What you will do:
Reproduce exactly the lines from the start of the records through the line containing "сопереживать истории героев.", both included. Leave the pictures out.

Extracted material:
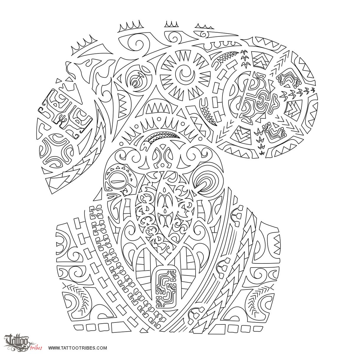 The shell of the turtle is shaped by the maorigram "Herbert" on the left (with a tiki making the left front flipper) and by the maorigram "Doris" on the right (with an ipu on the related flipper).
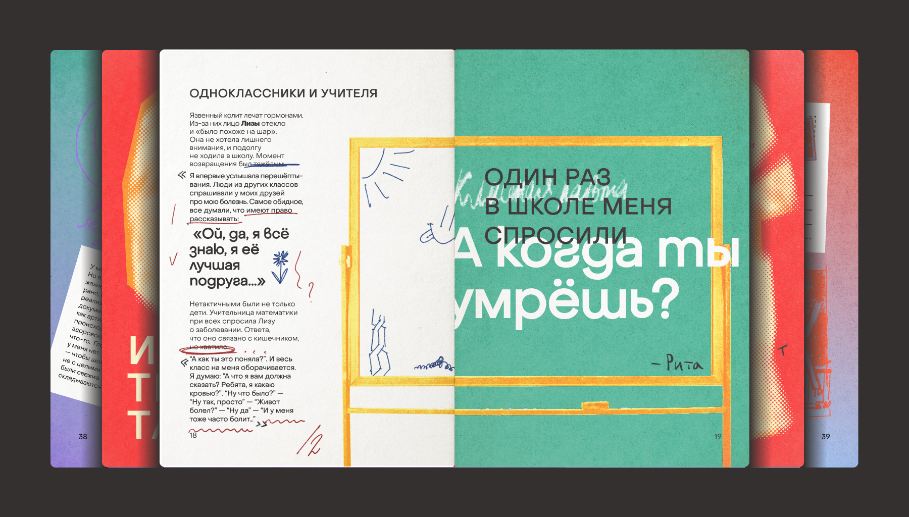Дизайн "Invisible Mode" привлекает внимание и создаёт интимную атмосферу диалога между героем и читателем. Он сочетает в себе яркие цвета, письменные пометки и визуальные элементы: рисунки и надписи, созданные самими героями. Это создает инклюзивное и партиципаторное визуальное повествование, которое позволяет читателям глубже понять и сопереживать истории героев.
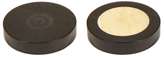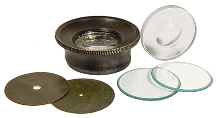 En plus du matériel classique de dissection, scalpel, aiguilles emmanchées (nous n'en avons trouvé qu'une sur deux), pince fine, des accessoires moins courants accompagnent le microscope. D'abord une cellule d'observation d'animalcules utilisable en compresseur avec ses verres plans et à concavité et ses diaphragmes minces en cuivre. Puis la "dame", en ébène et ivoire, qui se pose sur la platine porte-objet pour l'observation des corps opaques : on choisit l'une ou l'autre des faces pour faire opposition à la couleur de l'objet étudié. |
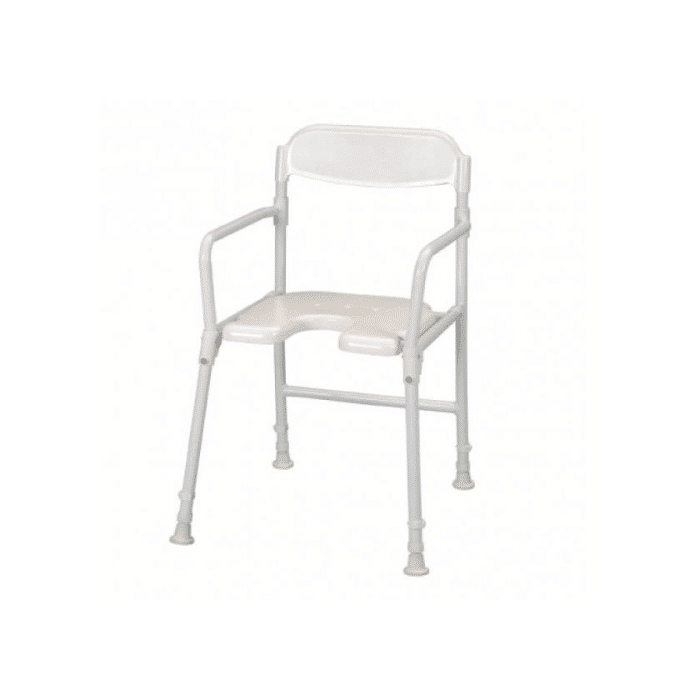 The Folding Shower Chair is designed to optimise limited bathroom space. Featuring a lightweight aluminium frame with a moulded plastic seat, it offers height-adjustable legs with non-slip feet for stability. The chair folds easily for storage and transport and includes side arms to assist with transfers, supporting up to 130kg.
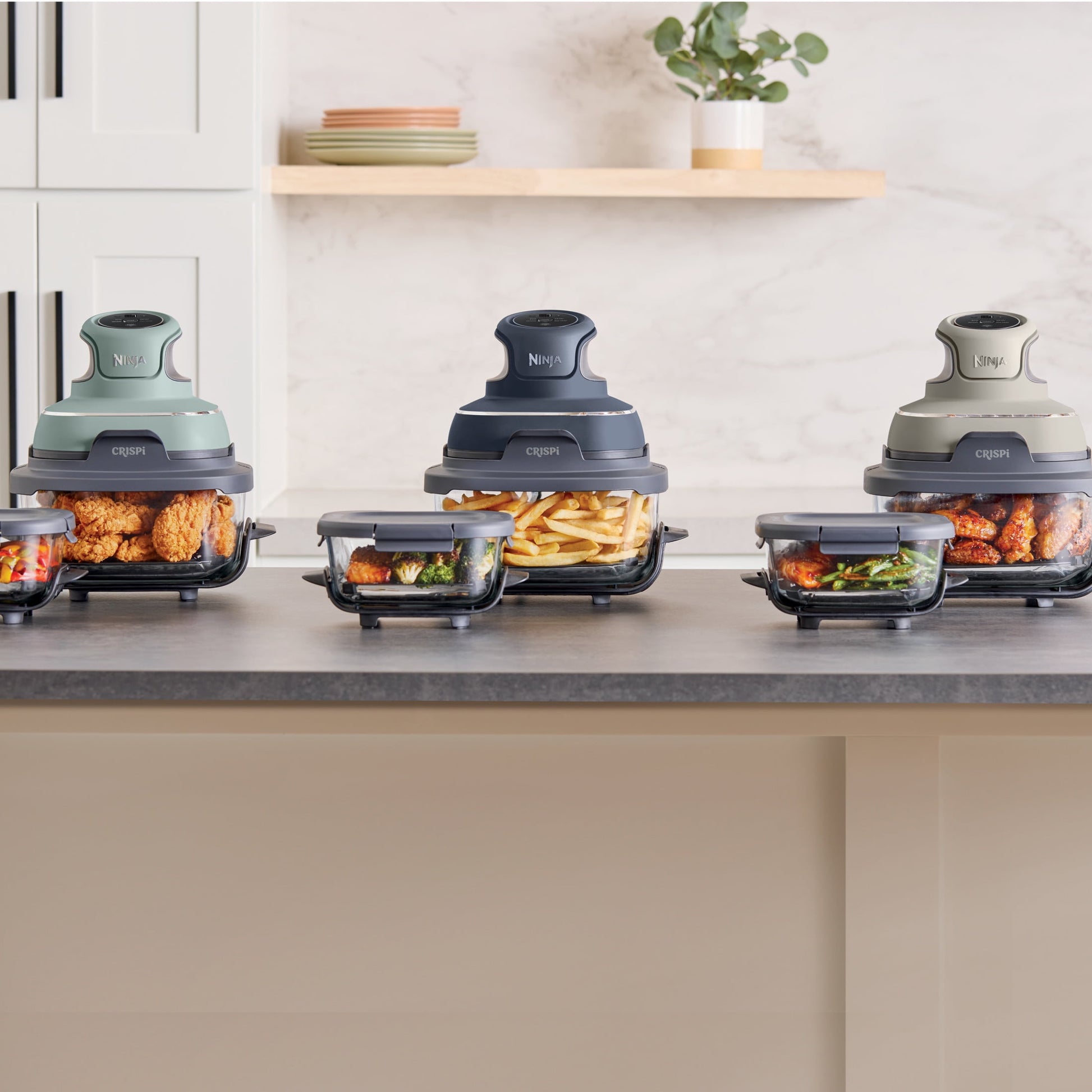 Ninja Crispi 4-in-1 Glass Air Fryer, 4 Qt & 6 Cup Containers, Designed Non-Toxic, Sage FN101SG
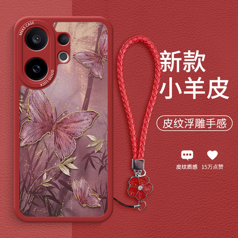 墨竹蝴蝶适用于vivoS30手机壳S30Promini新款S20新中式S20pro女款S19小羊皮硅胶S18全包防摔
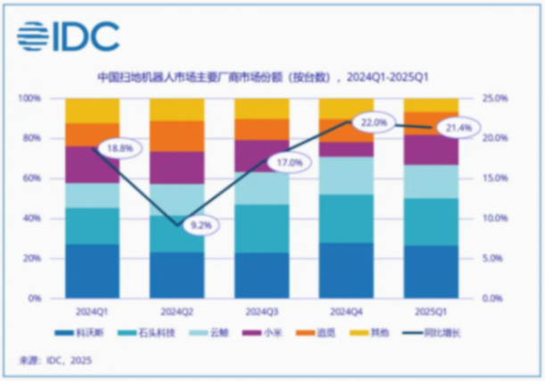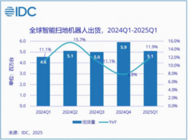 IDC數據顯示:2025年第一季度(1-3月)全球智能掃地機器人市場出貨量達509.6萬臺,同比增長11.9%;頭部廠商市場份額集中度加劇,Top5廠商出貨已占到整體市場的63.4%,較去年同期提升3.5%。中國頭部廠商持續擴張。

Answer to this exercise:
 The shell of the turtle is shaped by the maorigram "Herbert" on the left (with a tiki making the left front flipper) and by the maorigram "Doris" on the right (with an ipu on the related flipper).
Дизайн "Invisible Mode" привлекает внимание и создаёт интимную атмосферу диалога между героем и читателем. Он сочетает в себе яркие цвета, письменные пометки и визуальные элементы: рисунки и надписи, созданные самими героями. Это создает инклюзивное и партиципаторное визуальное повествование, которое позволяет читателям глубже понять и сопереживать истории героев.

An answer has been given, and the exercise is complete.